How is hardwood flooring fastened down over a concrete slab. This is the
real oak that is then sanded and finished.

If an oak floor, such as the above, has been refinished once, can it be
sanded and refinished again for a third go-round?

If a natural colored oak floor that has been refinished previously is sanded
out, can it be stained a darker color?

Thank you in advance.

Roger

  #2   Report Post  
Posted to alt.home.repair
external usenet poster
 
Posts: 2,025
Default Oak Flooring


"RES" wrote in message
...
How is hardwood flooring fastened down over a concrete slab. This is the
real oak that is then sanded and finished.


Probably an adhesive. Not usually done over concrete though.

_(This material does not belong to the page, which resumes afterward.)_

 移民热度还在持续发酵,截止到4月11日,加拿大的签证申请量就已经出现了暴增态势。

If an oak floor, such as the above, has been refinished once, can it be
sanded and refinished again for a third go-round?

If a natural colored oak floor that has been refinished previously is
sanded out, can it be stained a darker color?

Thank you in advance.


Yes
Yes
You're welcome

  #3   Report Post  
Posted to alt.home.repair
external usenet poster
 
Posts: 8,589
Default Oak Flooring

On Sat, 14 Aug 2010 00:36:37 -0400, "Ed Pawlowski" wrote:


"RES" wrote in message
...
How is hardwood flooring fastened down over a concrete slab. This is the
real oak that is then sanded and finished.

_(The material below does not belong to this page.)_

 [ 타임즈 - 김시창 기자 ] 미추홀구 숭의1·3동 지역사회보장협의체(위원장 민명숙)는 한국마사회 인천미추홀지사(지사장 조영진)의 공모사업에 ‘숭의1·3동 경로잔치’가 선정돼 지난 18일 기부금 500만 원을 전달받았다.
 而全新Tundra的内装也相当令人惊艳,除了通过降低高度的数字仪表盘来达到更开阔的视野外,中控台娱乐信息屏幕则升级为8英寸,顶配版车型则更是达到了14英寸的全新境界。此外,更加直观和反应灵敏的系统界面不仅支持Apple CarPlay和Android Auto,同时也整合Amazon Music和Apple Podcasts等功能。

Probably an adhesive. Not usually done over concrete though.


It's actually done pretty regularly around here where the slab house is king.
I have bamboo over concrete, which isn't all that great of an idea as it turns
out. Some day I'll probably rip it up and put down some sort of hardwood.


If an oak floor, such as the above, has been refinished once, can it be
sanded and refinished again for a third go-round?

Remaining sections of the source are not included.